→ **INFORMATION SUPPLIED**:
= Beginning of Section =

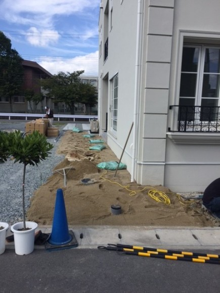 芝生の下地は砂で地を整えて肥料を混ぜて
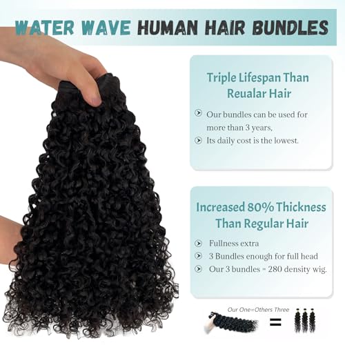- Our Water Wave Curly Bundles 80% Thicker Than Regular Bundles: We only Sell High-End Raw Human Hair Bundles. Our One Bundles Are Equivalent To Three Regular Human Hair Bundles. With Careful Care, The Bundles Can Be Used For More Than 3 Years. Our 3 Bundles = 280 Density Wig.
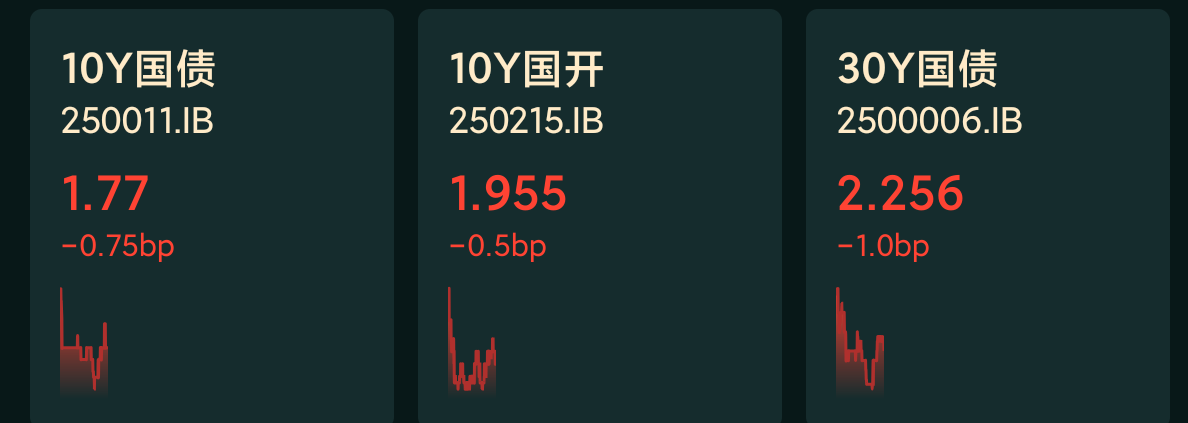 十年期国债收益率:1.77%,-0.75BP(国债收益率越跌,债市越涨)

= End of Section =

Skip the pictures, then retype every line above exactly.

→ **ANSWER TO THIS PROBLEM**:
 芝生の下地は砂で地を整えて肥料を混ぜて
- Our Water Wave Curly Bundles 80% Thicker Than Regular Bundles: We only Sell High-End Raw Human Hair Bundles. Our One Bundles Are Equivalent To Three Regular Human Hair Bundles. With Careful Care, The Bundles Can Be Used For More Than 3 Years. Our 3 Bundles = 280 Density Wig.
 十年期国债收益率:1.77%,-0.75BP(国债收益率越跌,债市越涨)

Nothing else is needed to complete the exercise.